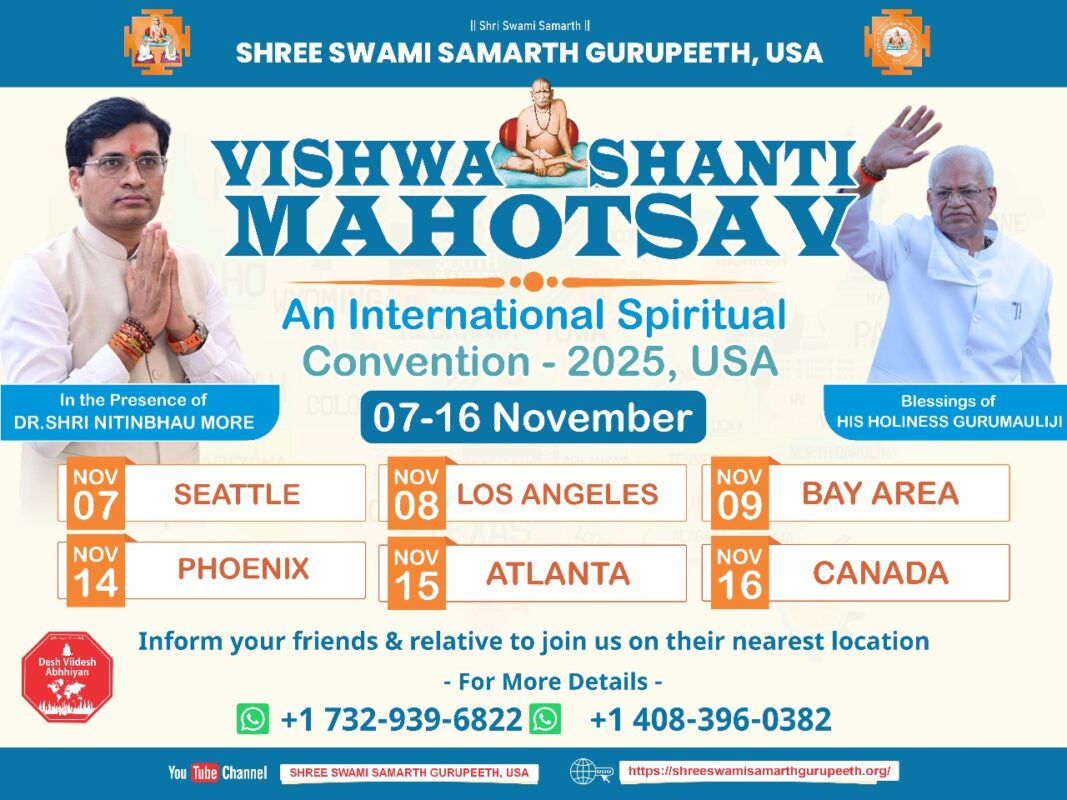 16 Nov VSM2025 Vishwashanti Mahotsav 2025 : Toronto, Canada October 22, 2025 By Jadhav Jadhav With the divine blessings of Shree Swami Samarth Maharaj and His Holiness Gurumauli and in the presence of Hon. Dr. Nitin Bhau More, we... Continue reading
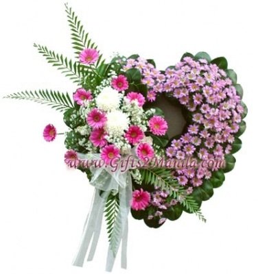 This magnificent wreath offers a heartfelt expression of sympathy. Heart-shaped wreath is composed of lavender Malaysian mums along with pink gerberas.
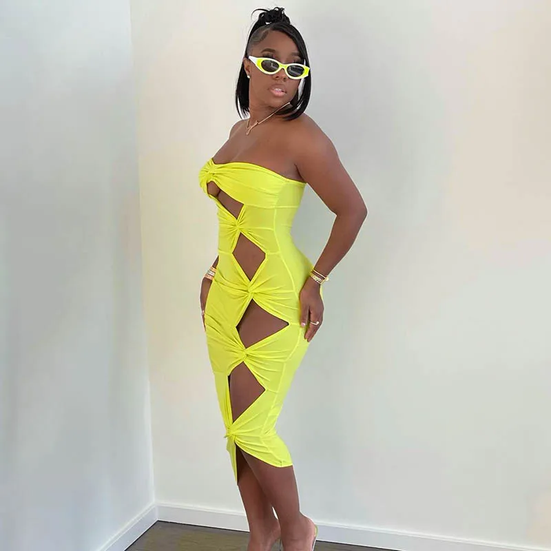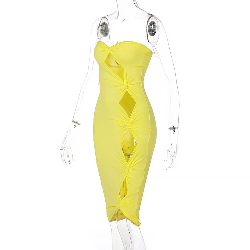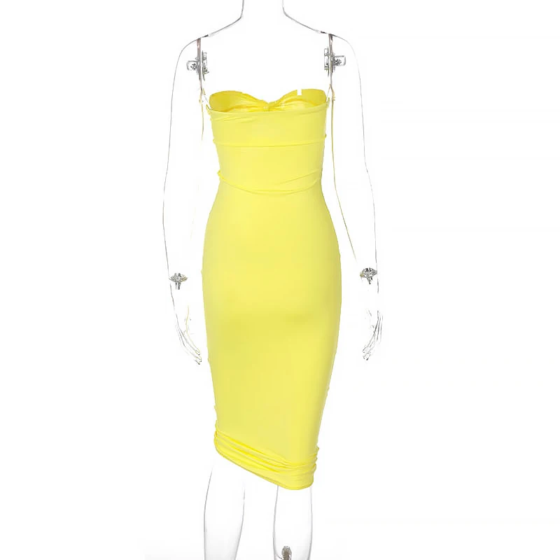 Пикантное летнее желтое платье-футляр миди с рюшами, элегантная Клубная одежда для вечеринок
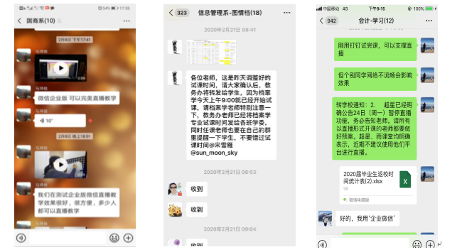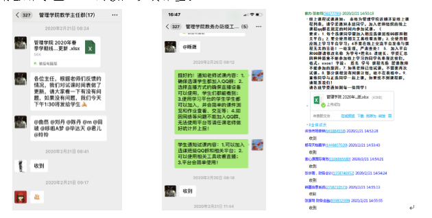 图2.管理学院教师通过教学主任、教务办、学生微信群落实试课工作
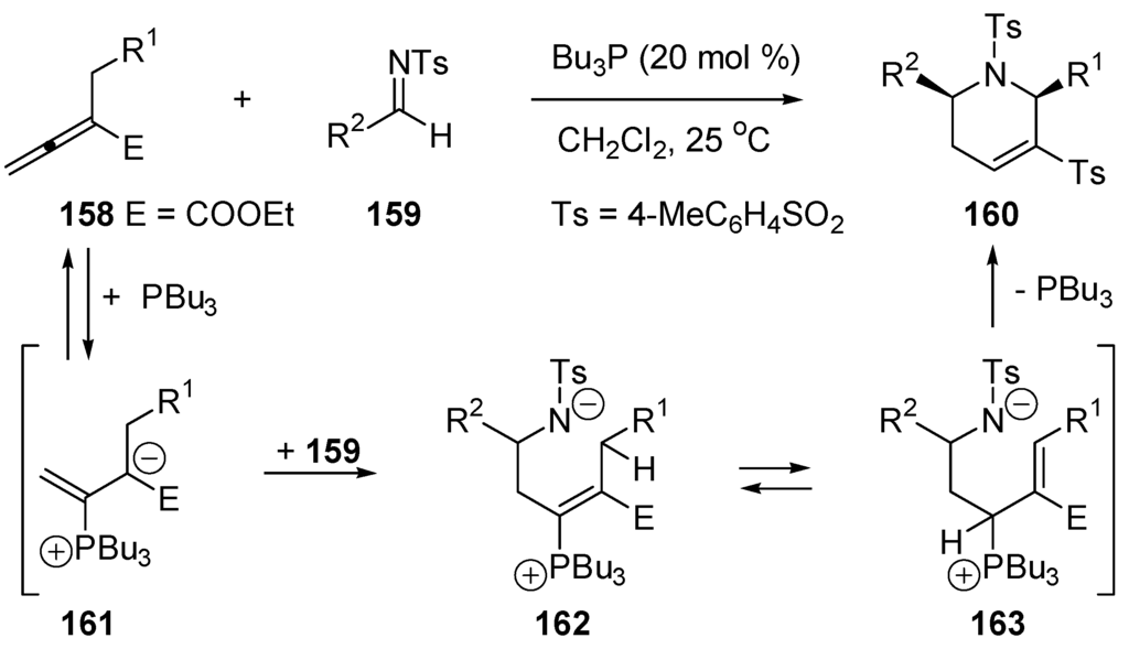 - Zhu, X.F.; Lan, J.; Kwon, O. An expedient phosphine-catalyzed [4+2] annulation: Synthesis of highly functionalized tetrahydropyridines. J. Am. Chem. Soc. 2003, 125, 4716–4717. [Google Scholar] [CrossRef] [PubMed]
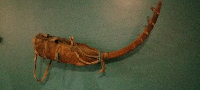 - "The image displays an aged, traditional stringed musical instrument, likely a bow lute or harp, suspended horizontally against a solid teal-colored wall" by FM-E70Zl1, licensed under CC BY 4.0
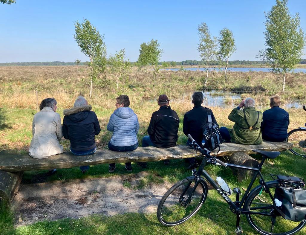 Onze tocht ging op de fiets kris kras door het zeer uitgebreide Dwingelerveld. Alle Ootmarsumse (en een Oldenzaalse 😉) vogelaars waren zeer onder de indruk van de schoonheid en de uitgestrektheid van dit schitterende gebied. Het weer was prima en de vele vogels lieten zich van hun beste kant zien. Maar liefst 76 verschillende vogelsoorten hebben we gespot en tel daarbij ook nog enkele reeën en een adder op en u kunt wel nagaan dat voor ons de dag niet meer kapot kon!
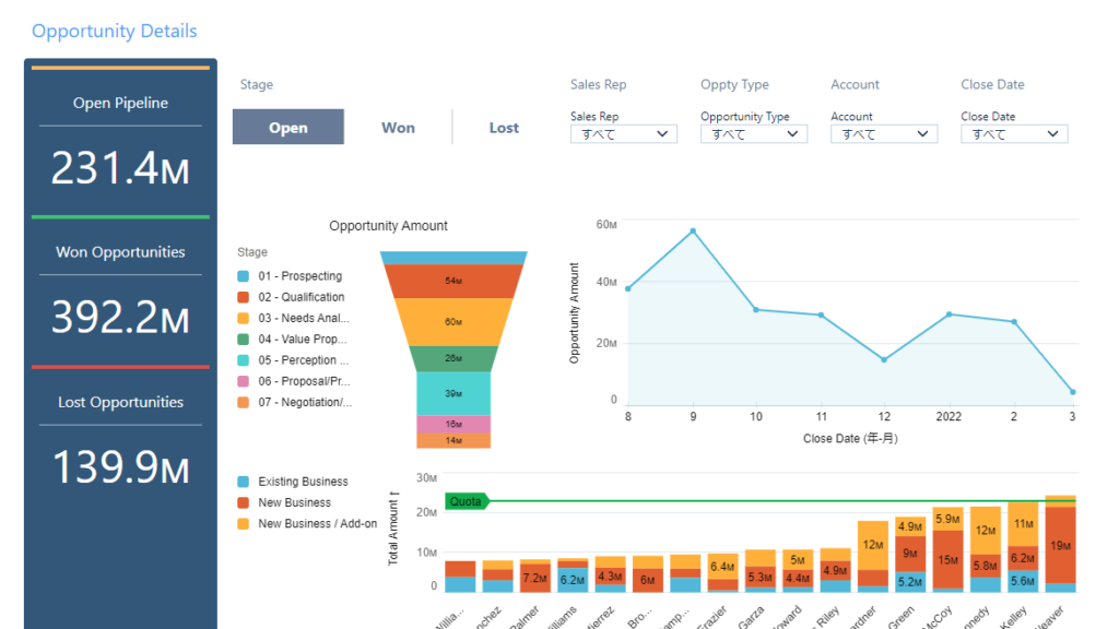 例えば、特定の商材の商談が2週間以上動いていない場合、システムがアラートを出して早期フォローを促します。月の中旬時点で目標達成率が50%に満たない場合、残り期間での挽回策を具体的なデータに基づいて立案できます。

TRY IT
Copy exactly, and copy nothing else: the lines from the one containing "Пикантное летнее желтое" through the end of the data, both ends included, with pictures left out.

SOLUTION TO THIS TASK
 Пикантное летнее желтое платье-футляр миди с рюшами, элегантная Клубная одежда для вечеринок
 图2.管理学院教师通过教学主任、教务办、学生微信群落实试课工作
 - Zhu, X.F.; Lan, J.; Kwon, O. An expedient phosphine-catalyzed [4+2] annulation: Synthesis of highly functionalized tetrahydropyridines. J. Am. Chem. Soc. 2003, 125, 4716–4717. [Google Scholar] [CrossRef] [PubMed]
 - "The image displays an aged, traditional stringed musical instrument, likely a bow lute or harp, suspended horizontally against a solid teal-colored wall" by FM-E70Zl1, licensed under CC BY 4.0
 Onze tocht ging op de fiets kris kras door het zeer uitgebreide Dwingelerveld. Alle Ootmarsumse (en een Oldenzaalse 😉) vogelaars waren zeer onder de indruk van de schoonheid en de uitgestrektheid van dit schitterende gebied. Het weer was prima en de vele vogels lieten zich van hun beste kant zien. Maar liefst 76 verschillende vogelsoorten hebben we gespot en tel daarbij ook nog enkele reeën en een adder op en u kunt wel nagaan dat voor ons de dag niet meer kapot kon!
 例えば、特定の商材の商談が2週間以上動いていない場合、システムがアラートを出して早期フォローを促します。月の中旬時点で目標達成率が50%に満たない場合、残り期間での挽回策を具体的なデータに基づいて立案できます。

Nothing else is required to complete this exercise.